Александр Сергеевич Грибоедов родился в Москве 4 января 1795 г. Он получил блестящее образование. Семнадцати лет он закончил Московский университет с двумя дипломами - по естественным наукам и праву - и готовился к получению научной степени, когда его учение было прервано вторжением Наполеона. Он записался в кавалерию, но в сражениях не участвовал. В 1815 г. ему разрешено было оставить военную службу, и он приехал в Петербург, где стал чиновником министерства иностранных дел. Грибоедов с головой окунулся в бурную и увлекательную жизнь послевоенной столицы. Центром его интересов, как и у многих его современников, стал театр. Он писал и ставил ничем не выдающиеся комедии и ухаживал за актрисами. Вращался он и в революционных кругах и был принятв масонскую ложу. В литературных спорах он был на стороне шишковистов. Без труда он заработал репутацию одного из самых умных и остроумных людей России. В то же время он серьезно работал в министерстве иностранных дел, так что, когда потребовалось послать секретарем посольства в Персию особо надежного человека, пост был предложен Грибоедову. Грибоедов принял назначение тем охотнее, что находился под глубоким впечатлением от дуэли, в которой принял участие. Это была знаменитая partie carrеe (дуэль четырех) между Завадовским и Грибоедовым, с одной стороны, и Шереметевым и Якубовичем, с другой. Шереметев был убит Завадовским, который сам был тяжело ранен. Через год дуэль продолжили секунданты, Грибоедов и Якубович, которые встретились в Тифлисе. Грибоедов был ранен в руку, и один палец у него навсегда остался согнутым.

Годы 1818-1825 Грибоедов провел частью в Тифлисе, частью в Персии. Он подружился со знаменитым кавказским «наместником» генералом Ермоловым, в те дни самым популярным и самым незаурядным из должностных лиц, который почувствовал, что Грибоедов близок ему по духу и сделал его своим секретарем. Здесь, в Тифлисе, в 1822-1823 гг. Грибоедов написал свою великую комедию Горе от ума. Только несколько штрихов были им добавлены во время двухлетнего отпуска, проведенного в Москве и Петербурге (1823-1825). Цензура не пропустила Горе от ума для сцены, и только отрывки из комедии появились в альманахе в 1825 году. Но автор читал свою комедию «всей Москве» и «всему Петербургу», и она ходила в бесчисленных списках.

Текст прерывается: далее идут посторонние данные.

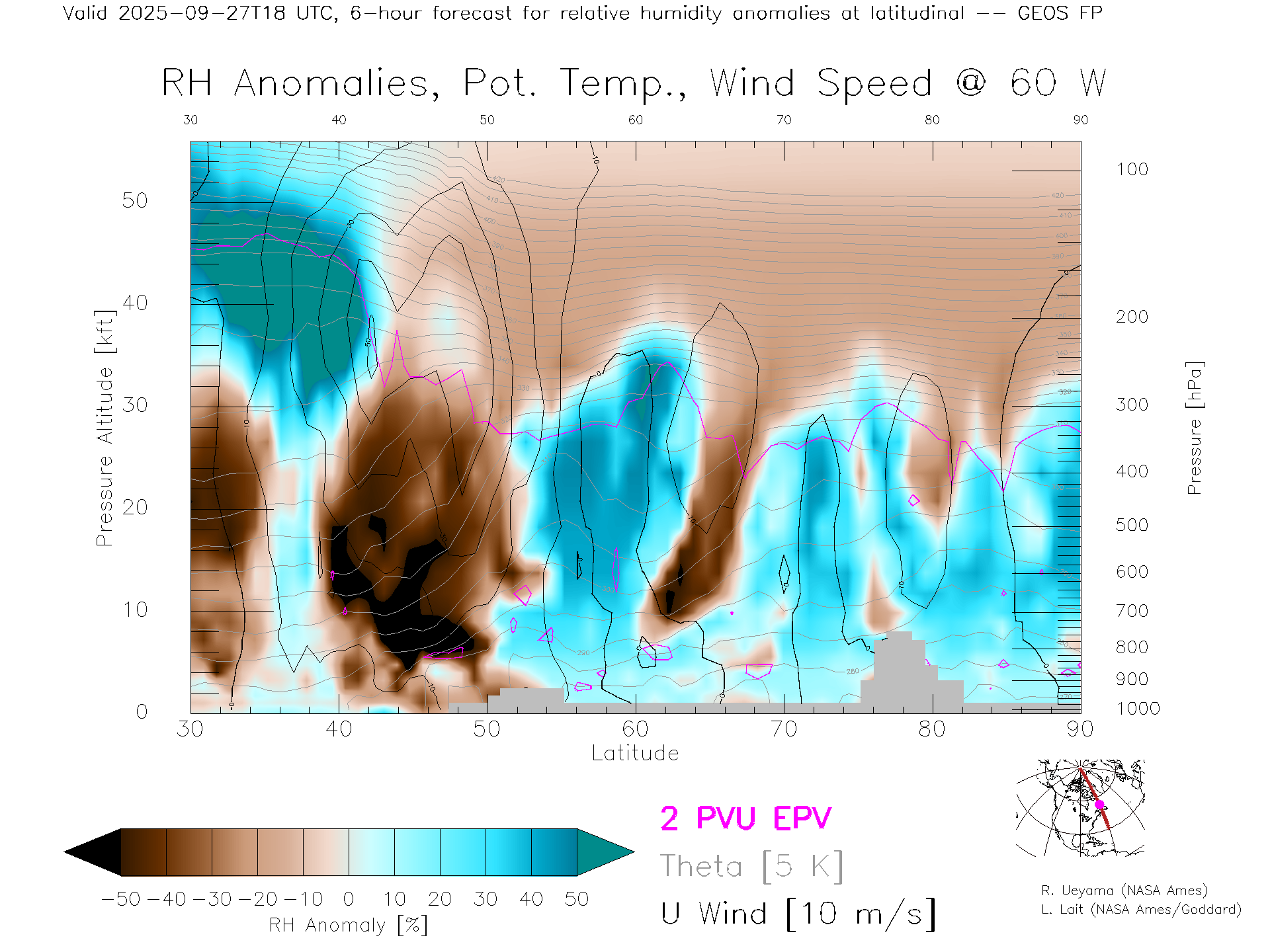 GEOS Forecast Rel. Hum. X-Section (60 W)

В конце 1825 г. Грибоедов вернулся к Ермолову на Кавказ. Но там он оставался недолго. Сразу после мятежа 14 декабря на Кавказ был послан курьер, чтобы его арестовать. Рассказывали, что Ермолов (популярный среди декабристов) предупредил Грибоедовао предстоящем аресте и дал ему время уничтожить компрометирующие бумаги. Грибоедов был привезен в Петербург и посажен на гауптвахту Главного штаба. В страшном негодовании на свой арест он написал Николаю резкое письмо в таких выражениях, что дежурный генерал не осмелился передать его императору. На допросах Грибоедов держался твердо. Несмотря на тесные связи со многими мятежниками, ему удалось оправдаться. Он был освобожден и, в качестве компенсации за пережитые неприятности, получил повышение по службе и годовое жалование. Однако все это дело до сих пор остается несколько загадочным, потому что нет сомнения, что Грибоедов все-таки был в нем замешан.

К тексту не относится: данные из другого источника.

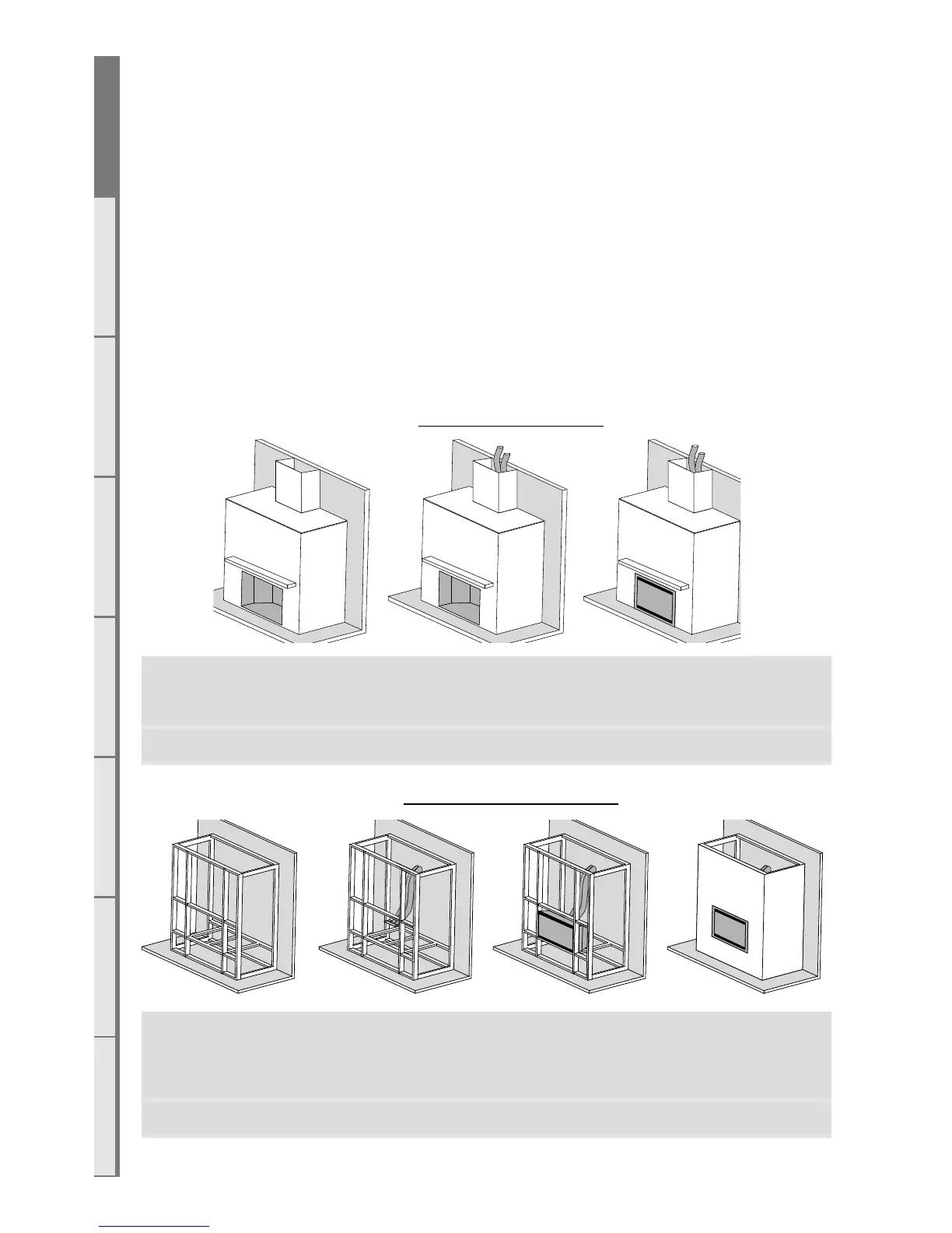 or a false chimney cavity. The DF-Series fireplace is provided with stando rails installed to the outside

Он возвратился на Кавказ, где в это время началась война с Персией. Ермолов, которого Николай не любил и которому не доверял, вынужден был уйти в отставку, но новый наместник, любимец и личный друг царя Паскевич, был родственником Грибоедова, и у них были самые лучшие отношения. Грибоедов поехал в штаб Паскевича на фронт и сопровождал его всю войну. Он вел мирные переговоры, добился заключения Туркменчайского мира (10 февраля 1828 года) и повез мирный договор в Петербург для ратификации. Его приезд в столицу был встречен пушечным салютом с Петропавловской крепости, ему были оказаны высшие почести, и он был назначен русским послом в Персию. По дороге туда, в Тифлисе, он влюбился в шестнадцатилетнюю грузинку, княжну Нину Чавчавадзе, и женился на ней. Совершенно счастливый, он уехал с молодой женой в Тавриз, откуда должен был наблюдать за тем, как персы выполняют условия мирного договора.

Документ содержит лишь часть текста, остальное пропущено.